HN proves it doesn't need to be like that. It gets dozens of millions of page views a day, a lot of which is bot traffic. HN only uses captchas for creating accounts or logging in. You're free to scrape any content as long as you respect the crawl delay of 30 seconds specified in robots.txt, and don't try to visit links that perform actions a human would take (like adding things to favorites or voting). That's how the internet should work: just deliver content.
dist-epoch
3 hours ago
> one bot taking a snapshot isn't going to make a difference
until half of HN users start asking their agent to do the same, to summarize the top HN articles every day
ge96
4 hours ago
I briefly tried to do his job where it was scraping steam for CS GO skins (think a knife skin for $2,000.00) and yeah trying to find proxy poviders/get around the ip limit... tough one but market for it people paying for the tool (not mine).
figmert
3 hours ago
Antibot measure also block real users at the slightest change they don't like. Anti-fingerprinting measure? You're a bot. Adblockers? You're a bot.
__alexs
3 hours ago
There's no ethical consumption of... ad supported content.
cute_boi
4 hours ago
Exactly these crappy companies like browser use is causing more captcha etc.. All these scraper companies should've been regulated heavily. They use residential proxy creating incentive for hacking IOT devices etc..
stogot
4 hours ago
I wish simpler bots existed for consumers. I want to know when someone replies to me, when a price drops, when airlines open new seat reservations, when a new seat opens for a college class, when a concert is coming to my area for a musician I listen to, when my local grocer has new stock, when a new Hyatt offer is available in a city I want to visit, etc. doesn’t mean I’m abusive. I can have it check once a day. In almost all those cases, I want to spend money with the business but I don’t want to manually check
hollerith
3 hours ago
The people who've been in charge of the web (i.e., mostly the browser makers, but also the owners of the most popular sites) have made decisions that are IMHO severely anti-user. Although these anti-user design decisions have been accumulating for 30 years, users have had no alternative because all the content was on the web with way to get it other than to visit web sites with a web browser.
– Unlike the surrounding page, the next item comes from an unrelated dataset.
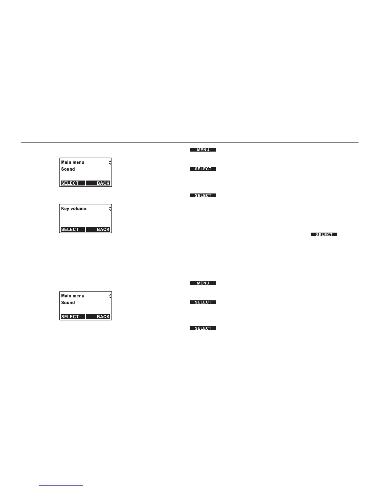 “Key volume” appears on the display.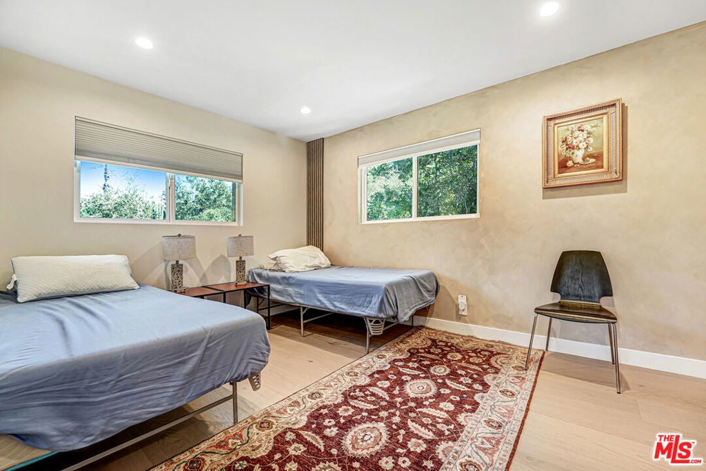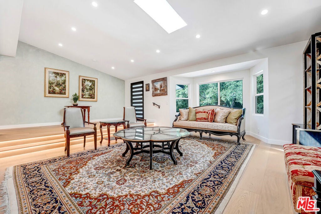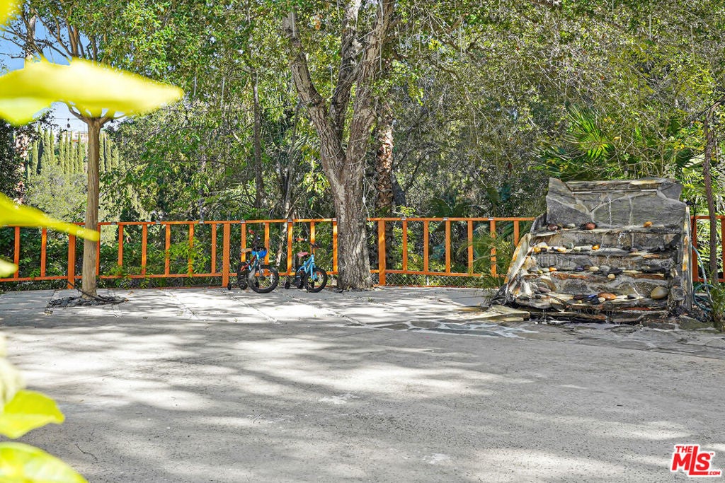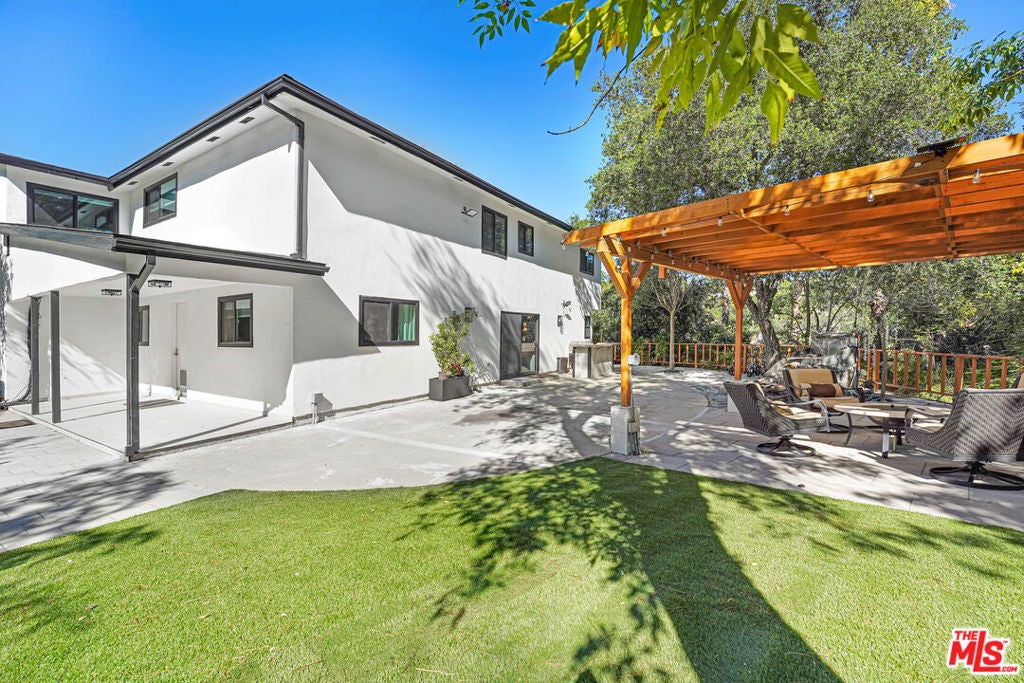 Experience the ultimate "Tree House" sanctuary in this masterfully reimagined home, situated on a sprawling 20,000+ square foot flag lot just a half-mile south of Ventura Boulevard. This 4-bedroom, 3-bathroom residence offers over 3,100 square feet of modern luxury and has undergone a complete top-to-bottom renovation, including a brand-new roof, windows, doors, electrical, plumbing, and dual-zone, app-controlled HVAC systems for precise climate control on every floor. The open-concept interior is anchored by a gourmet chef's kitchen featuring a professional Thermador appliance suite, stunning Taj Mahal Quartzite countertops, and a versatile island and peninsula layout. Designer engineered hardwood floors flow throughout the home, leading to a massive primary suite that serves as a multi-functional family retreat. The primary suite includes a dedicated sitting room perfect for a nursery or executive office, an extended exercise room for private wellness, and two separate, oversized walk-in closets. Every detail has been meticulously curated to provide a turn-key experience for those seeking brand-new construction quality within a secure, secluded environment. The exterior grounds are truly unparalleled, offering a private forest-like atmosphere characterized by mature trees and a tranquil, rhythmic waterfall. The elevated nature of the lot creates a unique "Tree House" perspective, complemented by an expansive outdoor dining deck off the living room that features professional tree lighting throughout the canopy and over the waterfall area. Entertainment and relaxation are seamless with a custom outdoor BBQ station, a beautiful gazebo, and multiple elevated paved platforms equipped with electrical and water supplies, ideal for a secondary workout space or quiet meditation. For the modern commuter, the property includes a completely renovated 3-car garage with a 220V outlet ready for your EV charger, custom storage shelving, and remote-controlled security doors for added peace of mind. A brand-new concrete driveway and an extra-large paved front yard provide ample space for guest parking. This flag-lot estate offers the rare combination of immediate access to the boutiques and dining of the city with the total privacy and security of a hidden mountain retreat.

Now that there is an alternative (namely AI) people (including me) are flocking to the alternative. You want frame this as unethical bots versus ethically-acceptable human site visitors, but the main motivation for the use of scraping bots these days is to provide services (i.e, AI-based question answering) that users (like me) consider far superior to going directly to web sites for information because visiting web sites with a web browser is a frustrating tedious experience.
ranger_danger
4 hours ago
Web archival/preservation services/projects that need to get past captchas and other bot checks are a prime target for a service like this... but I think their main customers are people just mass scraping parts of the internet for less altruistic reasons.
zuzululu
4 hours ago
Once again I'd like to remind that violating Terms of Service isn't the same as violating some moral ethics. They are literally just expectations with no enforceable or legal boundaries.
For example I could write in my Terms of Service that you do not view more than one page on my website and expect you to send me a written permission to read the rest. I don't expect anybody to follow and I sure don't think less of those that do.
The push for verified IDs is not related to this, its more of a politically motivated attempt at selling fear to justify more surveillance.